View attachment 5914

(i) Construct the triangle ABC according to the measurements shown in the given sketch.

(ii) Construct a perpendicular from A to BC and name the point it meets BC as D.

(iii) Construct the circle that passes through the points A, C and D.

(iv) Construct the tangent to this circle at the point C, and name the point at which it meets AD produced as X.

(v) Show that $\angle$AXC = $\angle$ACB."

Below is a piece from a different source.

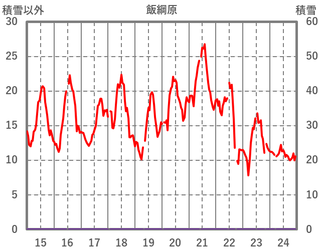 | 日 | 時 | 気温 | 降水 | 風向/風速 | 日照 | 積雪 | 降雪 |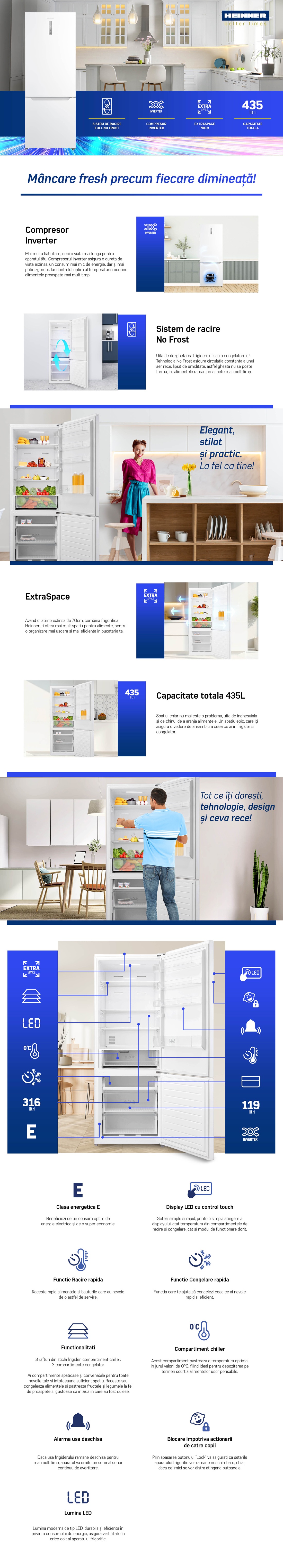 Combi fridge Heinner HCNF-M435INVE++, No Frost,, energy efficiency class: E, Inverter compressor, total capacity: 435 L, refrigerator capacity: 316 L, freezer capacity: 119 L, LED display with touch control, ExtraSpace –70cm width, Super cooling function, Super freezing function, open door alarm, child lock, LED light, chiller drawer, 3 fridge glass shelves, 2 freezer drawers + Pizza tray, reversible doors, freezing capacity: 9kg/24h, dimensions(WxDxH): 70 x 66.6 x 188 cm, color: White

Using the pair of compass and a straight edge,
(i) Construct the triangle ABC according to the measurements shown in the given sketch.

2ir27o8.jpg


Then,
(ii) Construct a perpendicular from A to BC and name the point it meets BC as D.

29awlzl.jpg


After That,
(iii) Construct the circle that passes through the points A, C and D.
4fu96q.jpg


Thereafter,
(iv) Construct the tangent to this circle at the point C, and name the point at which it meets AD produced as X.
fp2gsh.jpg


Thereafter, The question states to mark the point where the tangent and AD produced as 'X'.Now can you help me to state, $\angle$AXC = $\angle$ACB. and I want to know verify the rest is done correctly. :) The updated diagram,

(v) Show that $\angle$AXC = $\angle$ACB.
2m3s8t1.jpg


Many thanks :)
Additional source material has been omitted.